The only other solution is to add the ability to specify which path to
check and to trace the control plane only.  This would not be a
satisfactory solution since a clear goal is to verify forwarding.

...  Appendix of sorts - Some notes on multipath algorithms ...

RFC2991 is informational and points to some requirements.  It is not
normative, but if a router doesn't meet the requirements the
consequences (microflow reorder or poor load split) are clear and
ample indication of how to avoid this is given.

 requirements:

  1.  Any multipath implementation must avoid reordering microflows.

  2.  Some algorithms split traffic better than others.  Using the
      whole address rather than part of it still doesn't split
      microflows and balances load better.

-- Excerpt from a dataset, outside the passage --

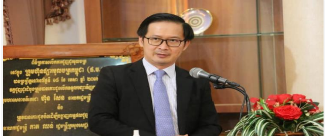
ដោយ ខេមបូណូមីស(អគ្គនាយកដ្ឋានមូលបត្រកម្ពុជា CSX)

ប្រភព ៖ postkhmer ចេញផ្សាយថ្ងៃទី១៩ ខែមករា ឆ្នាំ២០២២ CSXបំណែកកំណត់ត្រាការដេញដូរភាគហ៊ុនឆ្នាំ២០២១

  3.  Some algorithms produce a delay discontinuity for less
      microflows when a new member is added or deleted.

The third criteria in RFC2991 is ignored by current practice.

 key points:

  1.  Per packet (send every other packet to a different interface)
      load split reorders the packets within microflows and is bad.
      [This also impacts L2VPN if reordering at egress is unsupported.]

  2.  The granularity of per IP perfix load split is too coarse and
      the resulting load split can be terrible.  For example, all
      traffic to 18/8 (MIT) going to one interface might make for a
      very uneven load split on a Boston circuit.

Current practice dates back to the late 1980s, possible earlier, when
the PC-RT based T1-NSFNET routers did multipath by src/dst based hash.
The method of hash and modulo or a specific hash designed to produce
an even distribution over a number range has been used by numerous
routers and remains in widespread use.